COUNCIL OF EUROPE
COMMITTEE OF MINISTERS
of the Committee of Ministers to member states
on organ donor registers
(Adopted by the Committee of Ministers on 19 June 2003
at the 844th meeting of the Ministers' Deputies)
The Committee of Ministers, under the terms of Article 15.b of the Statute of the Council of Europe,
Considering that the aim of the Council of Europe is to achieve greater unity between its members and that this aim may be pursued, inter alia, by the adoption of common regulations in the health field;
Having regard to the Convention for the Protection of Human Rights and Dignity of the Human Being with regard to the Application of Biology and Medicine (the Convention on Human Rights and Biomedicine) (ETS No.164);
Having regard to the Additional Protocol to the Convention on Human Rights and Biomedicine concerning the Transplantation of Organs and Tissues of Human Origin (ETS No. 186);
Bearing in mind that:
- the Protocol concerning the Transplantation of Organ and Tissues of Human Origin requires member states to have a legally recognised system specifying the conditions under which removal of organs or tissues is authorised;
- by virtue of Article 8 of the said protocol, member states should take appropriate measures to inform the public, namely about matters relating to consent or authorisation with regard to the removal of organs or tissues from deceased persons;
- Article 17 of the said protocol prohibits the removal of any organ or tissue unless the consent or authorisation required by national law has been obtained by the person proposing to remove the organ or tissue;
Recalling the general principles relating to data protection of the Convention for the Protection of Individuals with regard to Automatic Processing of Personal Data (ETS No. 108),
Recommends to governments of member states to conform with the principles contained in the appendix to this recommendation as regards organ donor registries:
Appendix to Recommendation Rec(2003)12
1. Careful consideration should be given to the need for, and purpose of, an organdonor register.
2. In those member states with a legal framework for organ donation which assumes people are willing to donate their organs or tissues unless they have registered their refusal (opt-out system), states must provide an effective means for people to register their decision. A national register can be an effective means of recording such decisions.
3. For member states in which consent to donation is actively sought from the donor and/or those close to them prior to organ donation (opt-in system), an organ donor register may also fulfil important functions:
- as a means of registering the wishes of people willing to donate their organs;
- as a means of improving the efficiency of the organ and tissue donation process by making those wishes available rapidly after the death of a potential donor has been confirmed;
- as a means of publicising organ donation, and of involving people and organisations in realising the benefits of organ donations for themselves and for others in society;
4. Consideration should be given to the primary function of the organ donor register. Organ donor registers may:
- be opt-out only;
- be opt-in only;
- register both choices, or even a third choice, such as “ask my relatives”;
- allow simply a general agreement to donate organs and/or tissues;
- allow wishes about the donation of particular organs and/or tissues to be specified;
- allow registration of wishes with respect to other sensitive procedures, such as post-mortem examinations or the donation of organs/tissue for medical research.
5. Organ donor registers should ensure, that:
- people wishing to register their wishes can do so easily and reliably;
- people can, if they wish, specify organs and tissues they do/do not wish to donate;
- people can revoke their entry at any time;
- all information on people who die is removed from the organ donor registry.
6. If the organ donor register is intended to facilitate organ donation it must:
- have details of a high proportion of potential donors/non-donors. If enquiries about potential donors give no results, health professionals will consider it a waste of time trying to access the register;
- enable easy and rapid twenty-four hour access by health professionals needing information about a potential donor.

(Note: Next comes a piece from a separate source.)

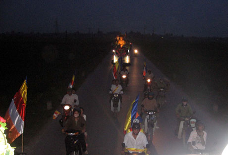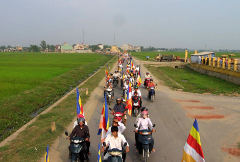Phật tử và nhân dân địa phương diễu hành xe máy mừng Phật đản
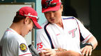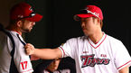 [OSEN=잠실, 이대선 기자] 21일 오후 서울 잠실야구장에서 열린 2013 한국야쿠르트 세븐프로야구 두산 베어스와 KIA 타이거즈의 경기, 경기에 앞서 KIA 윤석민이 빌로우와 이야기를 나누고 있다. KIA는 좌완 양현종(25)을 선발로 내세

7. Careful consideration should be given to the costs and benefits of setting up and maintaining an organ donor register:
- member states operating an opt-out system should, as a minimum, have a central register for those who do not wish to donate organs or tissues or any particular organ or tissue;
- a centrally-run information technology-based organ donor register offers the greatest flexibility in terms of content, updating and rapidity of access, but data security has to be ensured;
- everyone should be able to register their wishes;
- registration must be easy, preferably by both written and/or electronic means;
- written confirmation should be sent to all who register;
- people should have a simple means of checking and amending their entry
- specified healthcare professionals such as intensive care staff and/or transplant co-ordinators must have twenty-four-hours-a-day access to check the wishes of potential donors by phone, fax or electronically. Such checks should normally be made only after the death of a potential donor;
- checking the register could be made mandatory as a condition of donation.
8. Member states with organ donor registers should consider whether their register is designed and operated in a way which best meets the needs of their population and transplant service. Those member states which have an organ donor register are advised to consider the purposes and the likely advantages and disadvantages before establishing a new organ donor register.